*ACTIVITY*:
Using the records below, return exactly the lines from the one containing "7. Il corridoio di ingresso al condominio" through the last, and omit pictures.

*EXTRACTED MATERIAL*:
=== Section Start ===
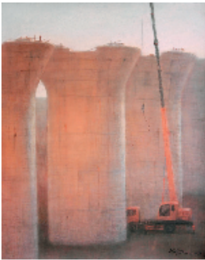
奚忠恕 《等待的风景》 148x118cm 纸上色粉 2020年

2020年，在中共浙江省委宣传部的领导和支持下，浙江省文联实施“浙江省文艺名家孵化计划”。美术名家孵化计划由中国文联副主席、浙江省文联主席
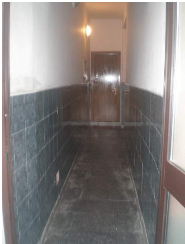
7. Il corridoio di ingresso al condominio
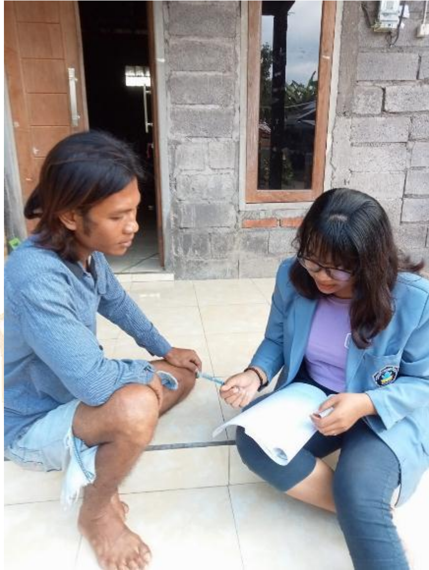
Wawancara dengan krama banjar ngarep
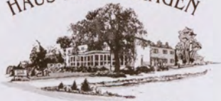
Alten- und Pflegeheim
=== Section End ===
*OUTPUT BELOW*:
7. Il corridoio di ingresso al condominio
Wawancara dengan krama banjar ngarep
Alten- und Pflegeheim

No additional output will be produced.